[Records from a collection]
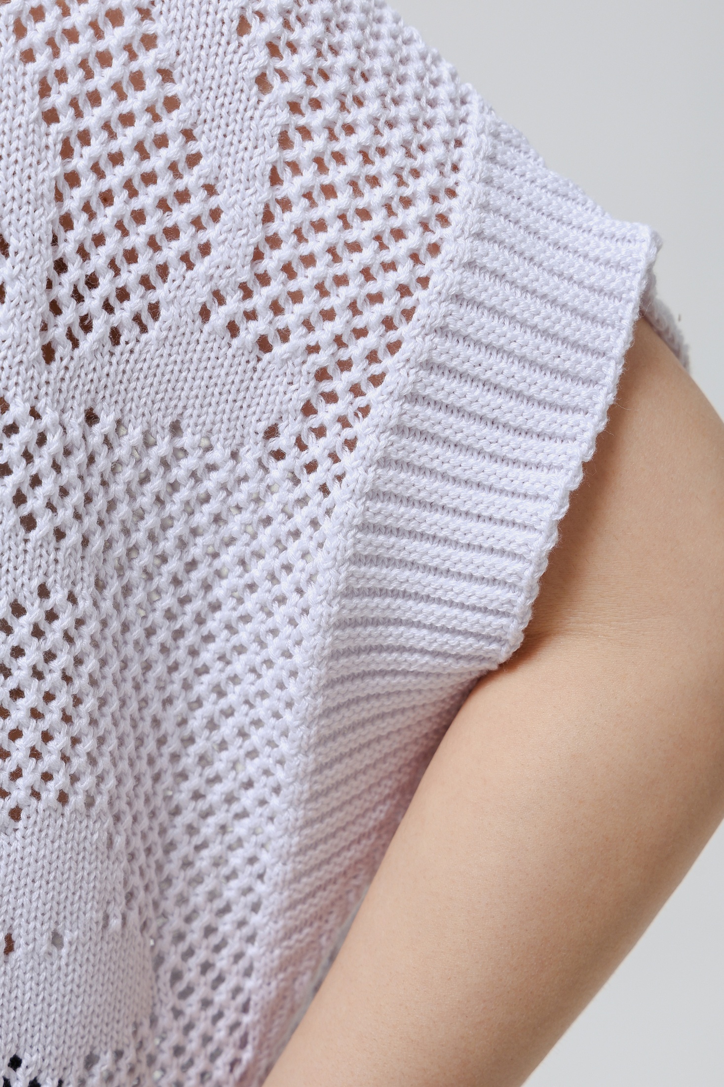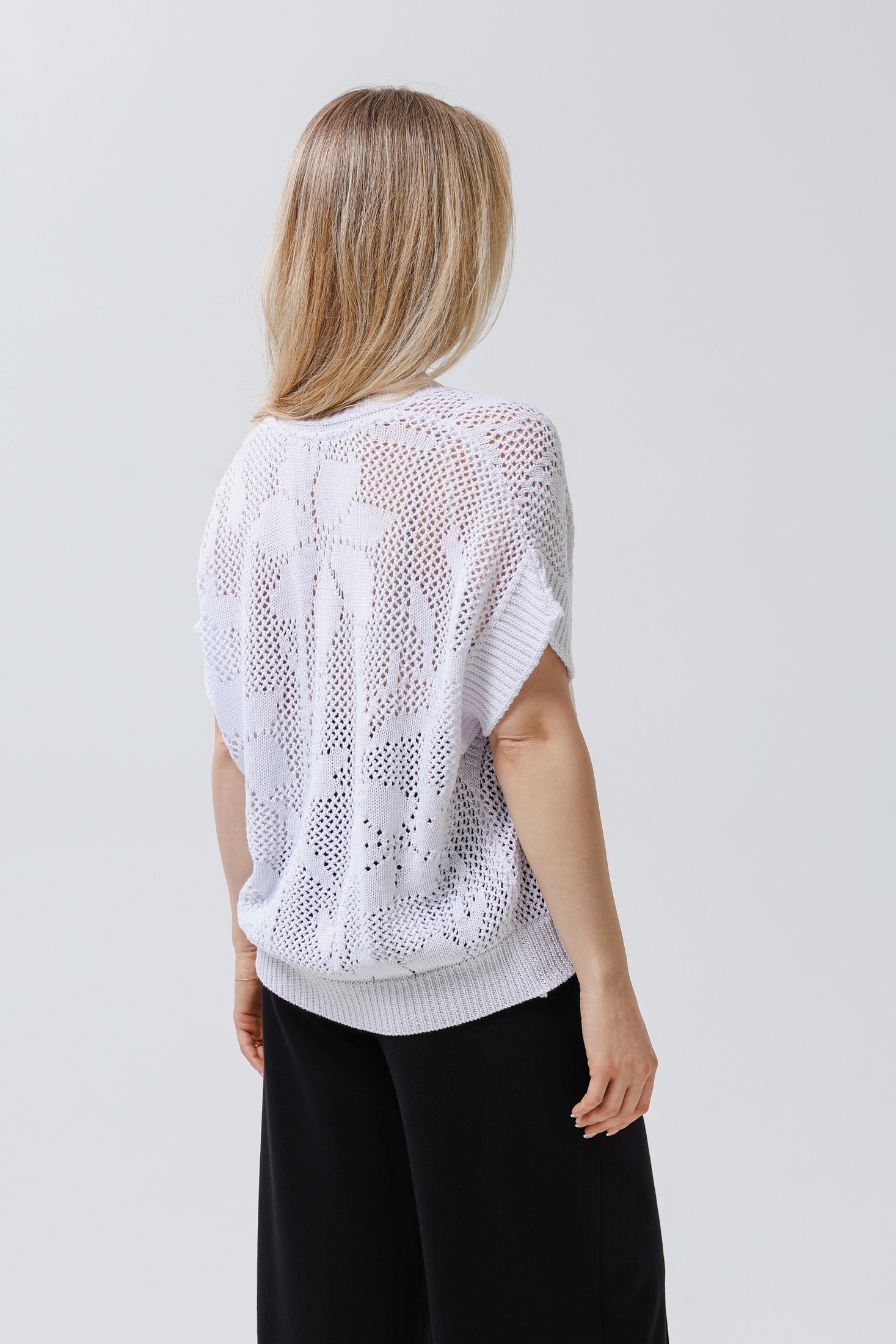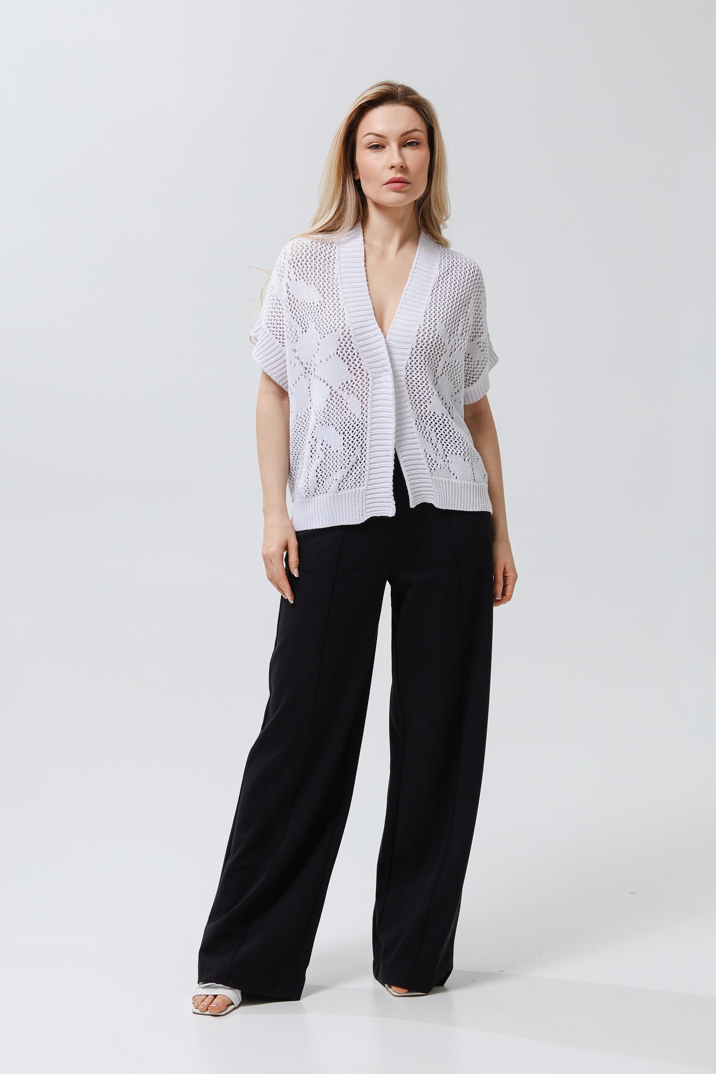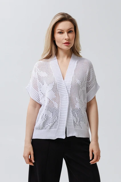 Жилет РВ0394-ХЛ4 белый Romgil добавит свежести и универсальности вашему гардеробу. Коллекция бренда Romgil характеризуется использованием лёгкой ажурной ткани, которая обеспечивает комфорт в тёплое время года. Дизайн с короткими рукавами и V-образным вырезом делает жилет подходящим для повседневной носки и вечерних мероприятий. Белый цвет и оригинальный ажурный узор подчеркнут женственность и стиль. Идеально сочетается как с брюками, так и с юбкой, что позволяет создавать разнообразные образы. Надевайте с бижутерией для эффектного выхода или с кроссовками для удобного повседневного стиля. Жилет отлично подходит для весенне-летнего сезона.
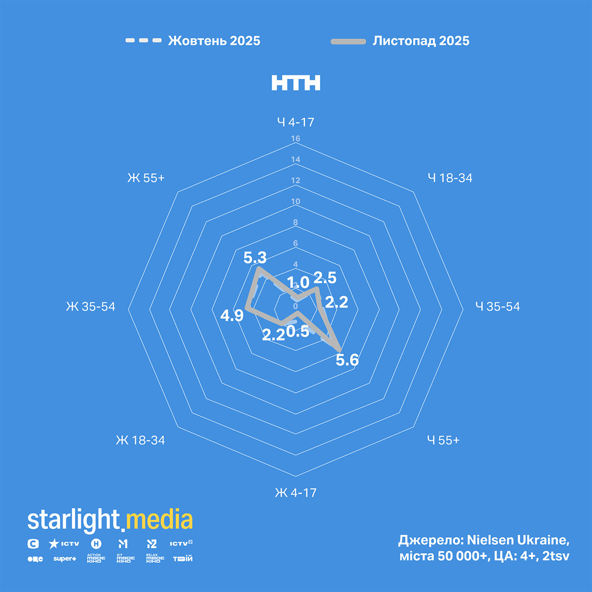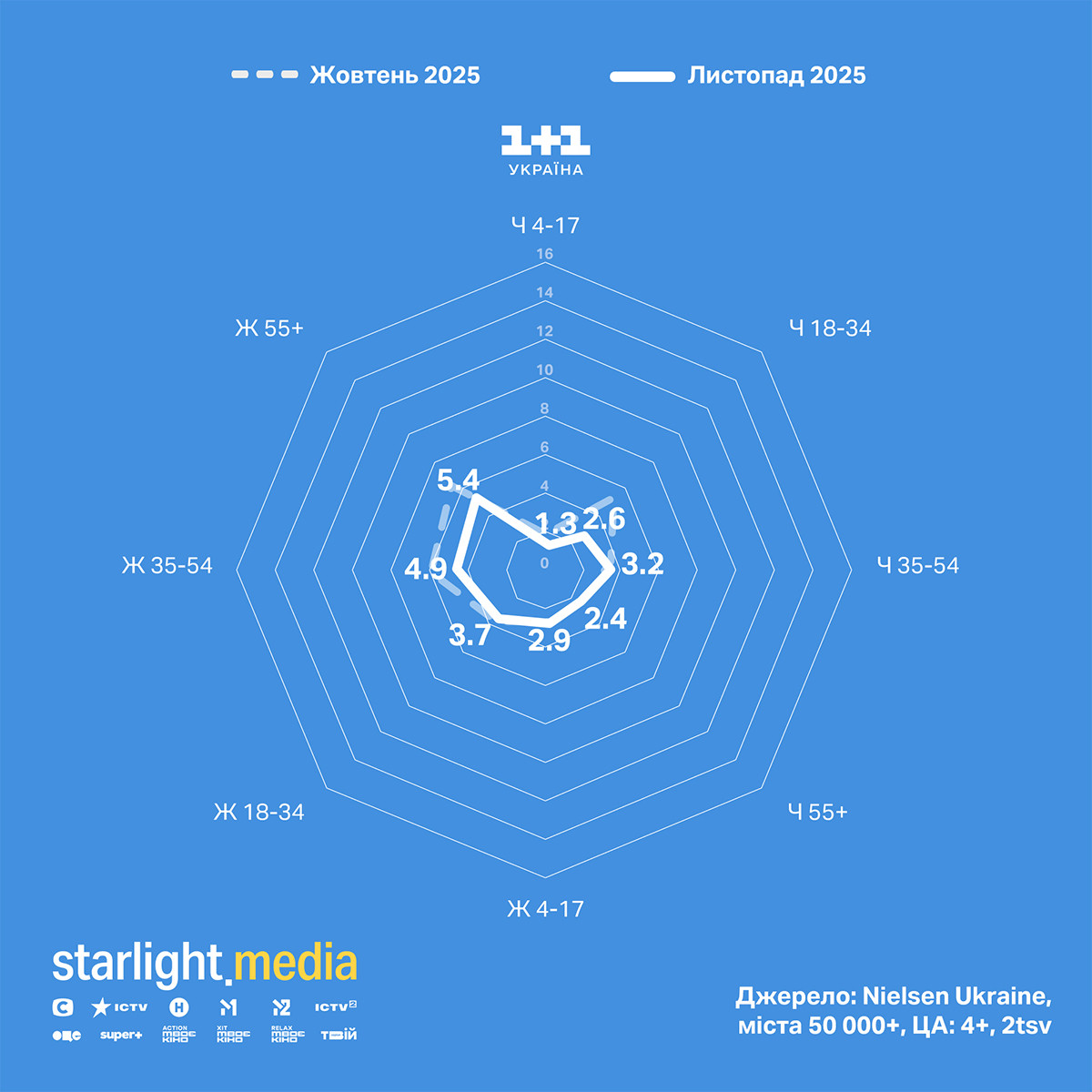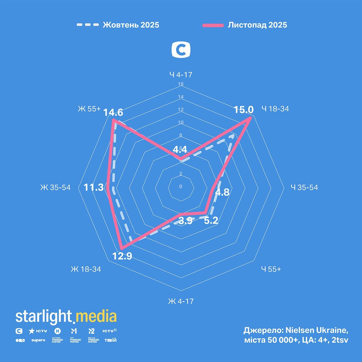У листопаді канал СТБ продовжує зростати за молоддю віком 18—34 роки, також зросли показники за жінками 35—54. Мовник утримує лідерство за жіночою аудиторією серед українських каналів.
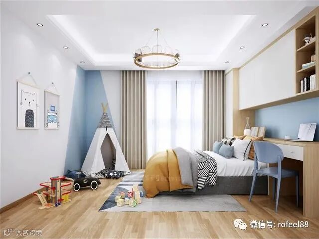 另外,床头柜、书桌、衣柜的一体化设计,实用性杠杠的,还能留出床尾空间给孩子打造
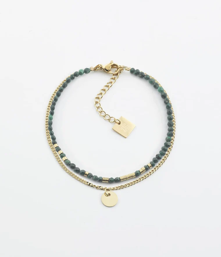 Bracelet double rang en acier doré à l’or fin par ionisation. Le premier rang est un enfilage de pierres naturelles mélangé à des ajouts de métal, et le deuxième est une petite chaîne gourmette classique.
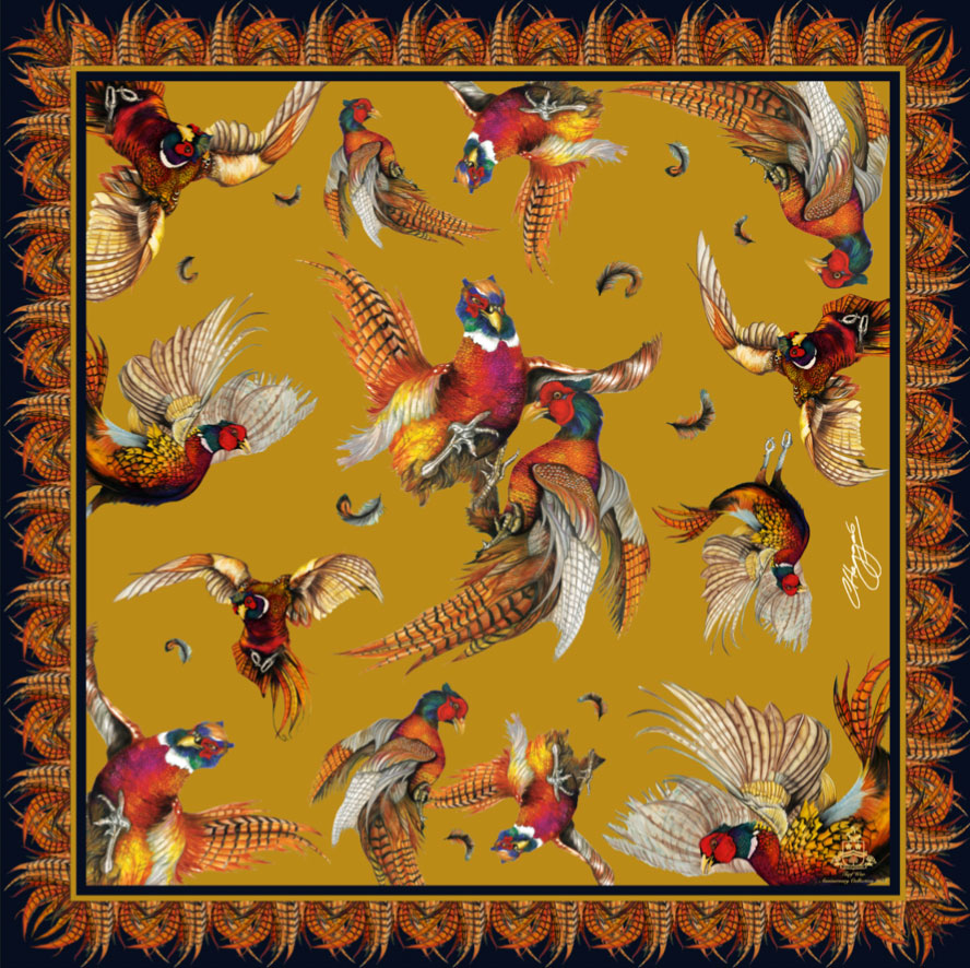 Turf War Silk Pheasant Silk Scarf | Made in England | Clare Haggas
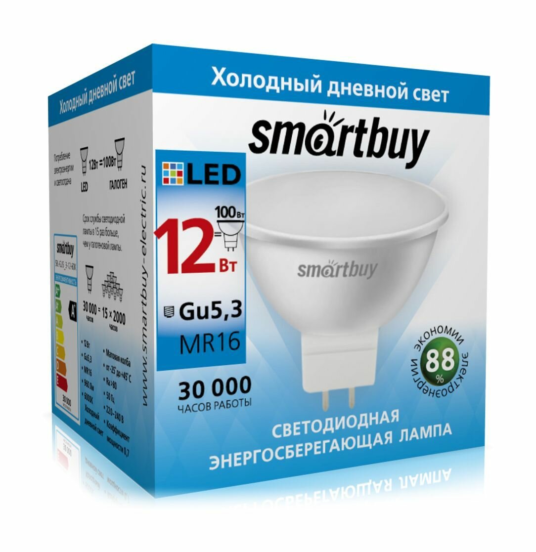 Лампа светодиодная (6 штук) SmartBuy SBL-GU5_3-12, GU5.3, MR16, 12 Вт, 6000 К: сравнение цен, характеристики, фото, актуальное наличие и цены.
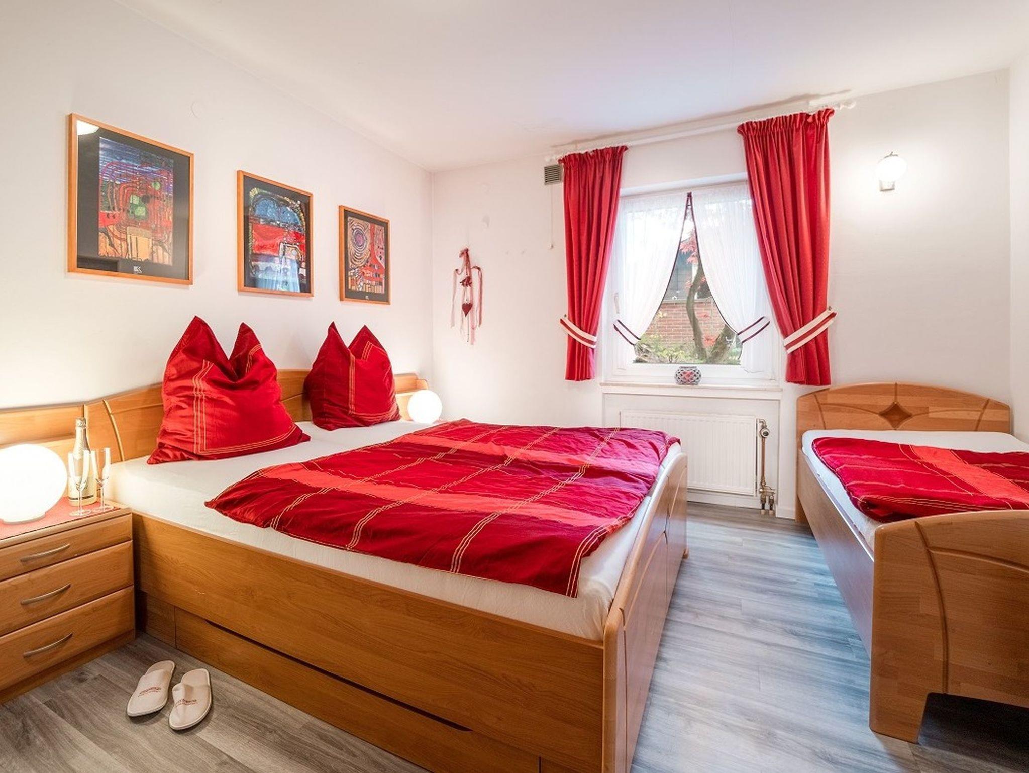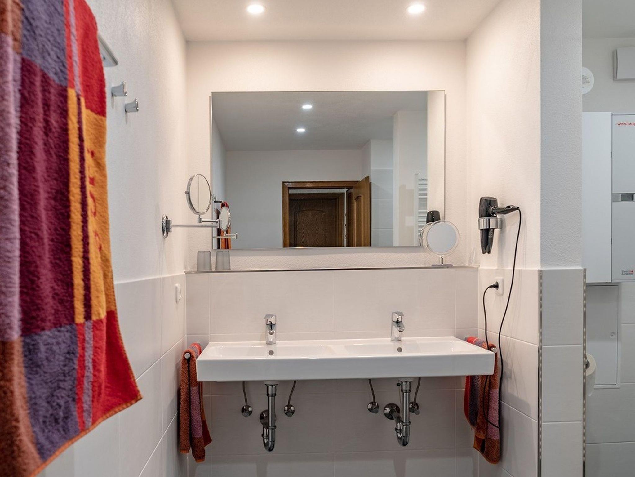 Des Weiteren verfügt die Ferienwohnung über ein Schlafzimmer mit Doppelbett und weiteres ein Schlafzimmer mit einem Doppelbett und einem Einzelbett sowie einem Badezimmer mit Doppelwaschdecken und Dusche. Ein Föhn liegt natürlich schon für Sie bereit.
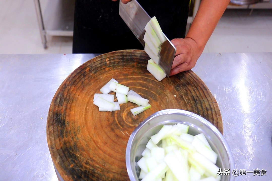2.冬瓜一节,把外皮削干净,切成小块,然后去除瓜瓤,把冬瓜切成片,放入清水中洗干净。
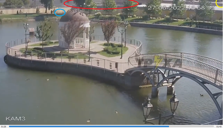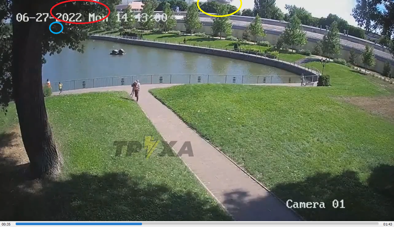 Analyzing the various angles from the park's security cameras gives us an excellent idea of what exactly happened yesterday. I'm going to organize the follow analysis by the play time of the video, not by the actual timestamps of the security cameras, in order to make it easier to follow along with. The colors listed next to each video timestamp refer to the colors of the circles on the image above, and indicate the location of the camera recording the footage.
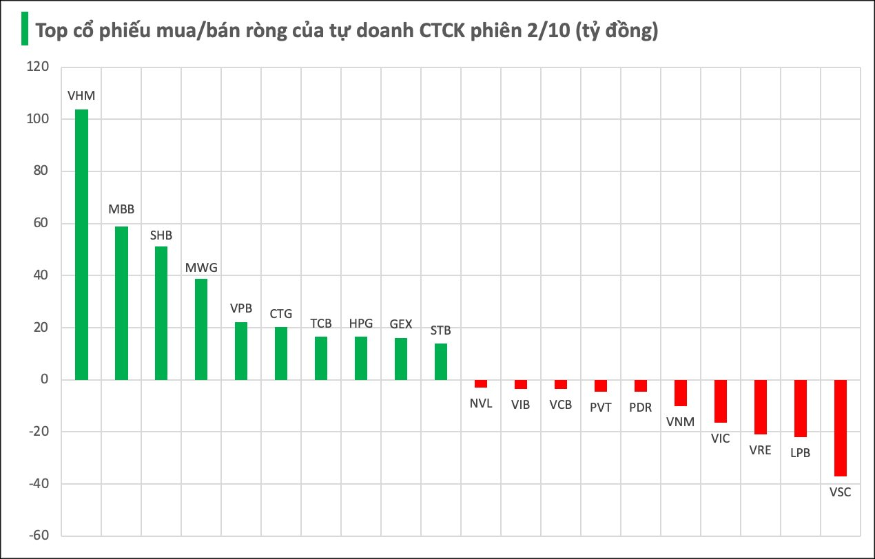 Cụ thể, VHM và MBB được mua ròng với giá trị lần lượt là 104 tỷ và 59 tỷ đồng. Theo sau là SHB (51 tỷ), MWG (39 tỷ), VPB (22 tỷ), CTG (20 tỷ), TCB (17 tỷ), HPG (17 tỷ), GEX (16 tỷ) và STB (14 tỷ đồng) đều được tự doanh CTCK mua mạnh.

| Exercise instructions |
Print the data exactly, from its first line to the line containing "Analyzing the various", both included. Omit the pictures.

| Solution below |
 Жилет РВ0394-ХЛ4 белый Romgil добавит свежести и универсальности вашему гардеробу. Коллекция бренда Romgil характеризуется использованием лёгкой ажурной ткани, которая обеспечивает комфорт в тёплое время года. Дизайн с короткими рукавами и V-образным вырезом делает жилет подходящим для повседневной носки и вечерних мероприятий. Белый цвет и оригинальный ажурный узор подчеркнут женственность и стиль. Идеально сочетается как с брюками, так и с юбкой, что позволяет создавать разнообразные образы. Надевайте с бижутерией для эффектного выхода или с кроссовками для удобного повседневного стиля. Жилет отлично подходит для весенне-летнего сезона.
У листопаді канал СТБ продовжує зростати за молоддю віком 18—34 роки, також зросли показники за жінками 35—54. Мовник утримує лідерство за жіночою аудиторією серед українських каналів.
 另外,床头柜、书桌、衣柜的一体化设计,实用性杠杠的,还能留出床尾空间给孩子打造
 Bracelet double rang en acier doré à l’or fin par ionisation. Le premier rang est un enfilage de pierres naturelles mélangé à des ajouts de métal, et le deuxième est une petite chaîne gourmette classique.
 Turf War Silk Pheasant Silk Scarf | Made in England | Clare Haggas
 Лампа светодиодная (6 штук) SmartBuy SBL-GU5_3-12, GU5.3, MR16, 12 Вт, 6000 К: сравнение цен, характеристики, фото, актуальное наличие и цены.
 Des Weiteren verfügt die Ferienwohnung über ein Schlafzimmer mit Doppelbett und weiteres ein Schlafzimmer mit einem Doppelbett und einem Einzelbett sowie einem Badezimmer mit Doppelwaschdecken und Dusche. Ein Föhn liegt natürlich schon für Sie bereit.
2.冬瓜一节,把外皮削干净,切成小块,然后去除瓜瓤,把冬瓜切成片,放入清水中洗干净。
 Analyzing the various angles from the park's security cameras gives us an excellent idea of what exactly happened yesterday. I'm going to organize the follow analysis by the play time of the video, not by the actual timestamps of the security cameras, in order to make it easier to follow along with. The colors listed next to each video timestamp refer to the colors of the circles on the image above, and indicate the location of the camera recording the footage.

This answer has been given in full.